[[ STUDY MATERIAL, beginning ]]

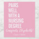 Cheers to you, nursing graduate! We’re celebrating your remarkable achievement with a special bottle of wine adorned with a personalised, funny label. The design features a blush pink background with bold white text that reads, "Pairs Well With a Nursing Degree." Below, "Congrats, [Name]!" is elegantly scripted in calligraphy, and "Class of 2024" is displayed in sleek, white block letters at the bottom. This customisable label lets you adjust the design to perfectly match the occasion. Celebrate their outstanding success with this unique and memorable wine label!
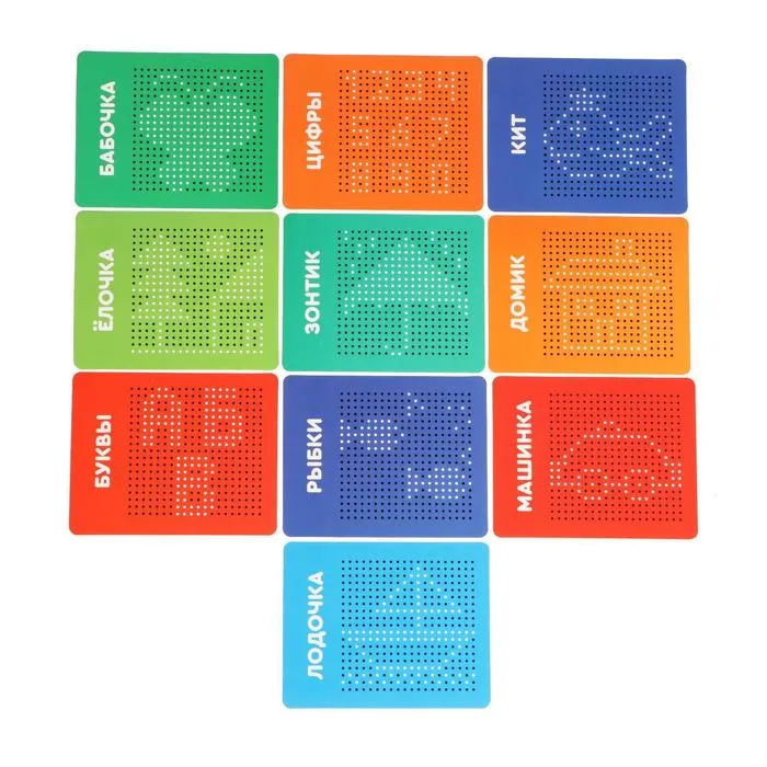 Планшет обучающий «Магнитное рисование» зелёного цвета с 380 отверстиями станет отличным инструментом для развития фантазии и координации у детей. Этот планшет позволяет создавать разнообразные изображения с помощью магнитного стилуса и металлических шариков, превращая обучение в увлекательную игру.
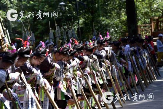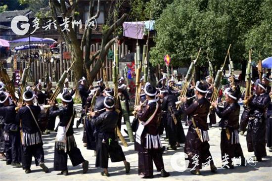 2018年10月1日,在從江縣岜沙苗寨,當地苗族村民在表演蘆笙合奏曲(吳德軍 攝)
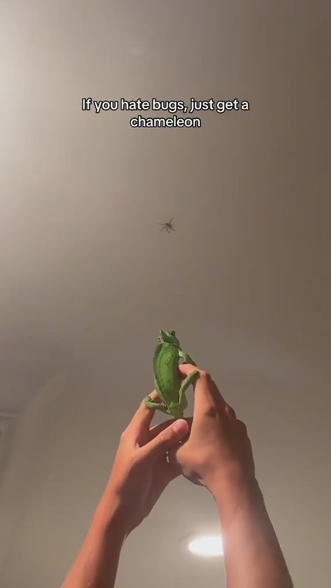 Utiliza un camaleón para cazar una enorme araña que aparece en su techo
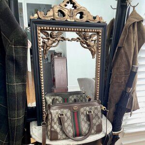 Gucci Monogram Red & Green Stripe Boston Bag (Vintage)
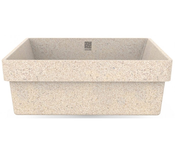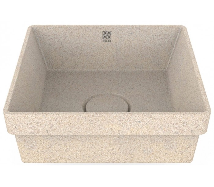 Woodio Cube40 nedfældet håndvask fremstillet i bæredygtige materialer fra de Finske skove (80% ren træ/20% resin) og udført i en blød form, der gør håndvasken meget behageligt at røre ved. Efter montering måler vaskens højde over bordplade 5 cm. Cover til bundventilen medfølger for et komplet udtryk.
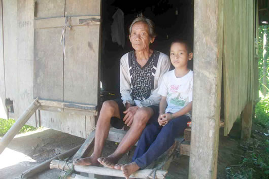 Hai ông cháu Hằng trong căn nhà sàn nhỏ. |
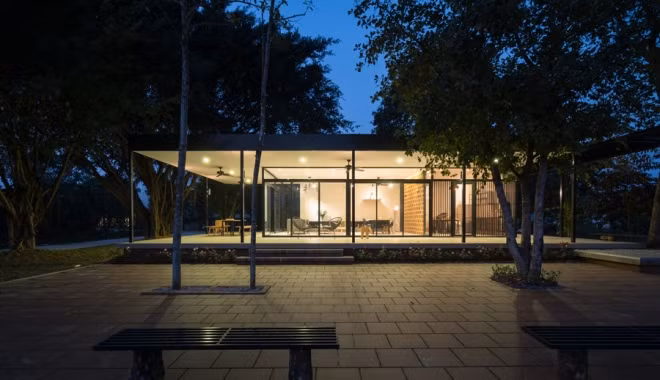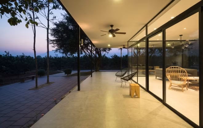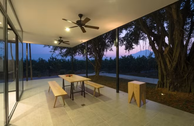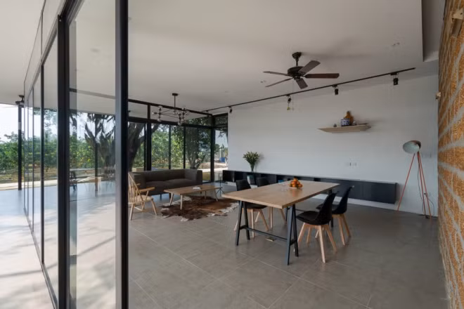 Bao quanh nhà chủ yếu là phần kính giúp không gian bên trong và bên ngoài hòa hợp.
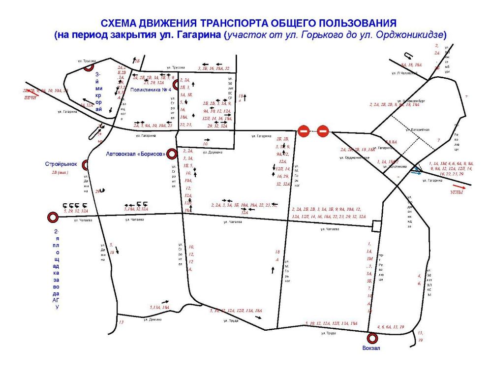 С 11 мая 2020 года участок дороги по улице Гагарина от пересечения с улицей М.Горького до пересечения с улицей Орджоникидзе будет закрыт в связи с производством работ на объекте «Реконструкция ул. Гагарина автодорога Р-53 (Слобода-Новосады) от ПК 435 до улицы Толстикова в г.Борисове» V очередь.
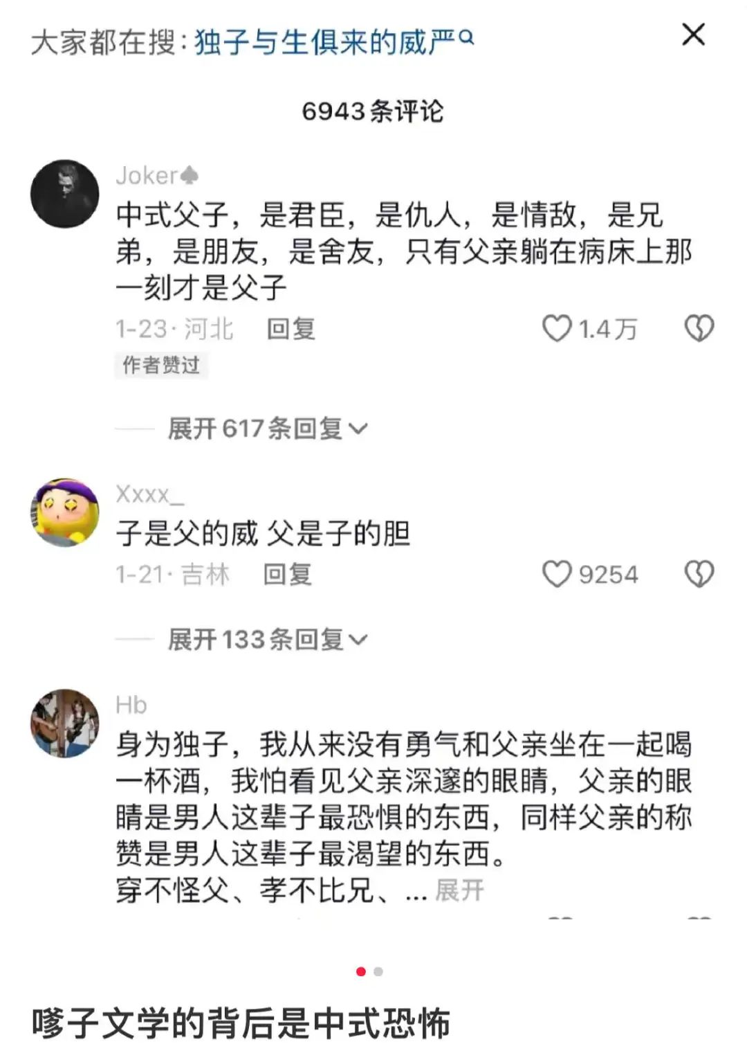 陈陈:这和娇妻文学也很像,经典就是“中式父子关系是君臣,是父子,只有到最后一刻他躺在病床上的时候才有可能是父亲和儿子” 的这种对父亲的崇拜和迷恋,还有一种是“虽然两室一厅,但是九龙夺嫡。”

[[ STUDY MATERIAL, end ]]

Excerpt from the records above: set down only the lines from the one that contains "Hai ông cháu Hằng trong căn nhà sàn nhỏ. |" through the one that contains "Bao quanh nhà", inclusive, word for word. Pictures stay out.

 Hai ông cháu Hằng trong căn nhà sàn nhỏ. |
 Bao quanh nhà chủ yếu là phần kính giúp không gian bên trong và bên ngoài hòa hợp.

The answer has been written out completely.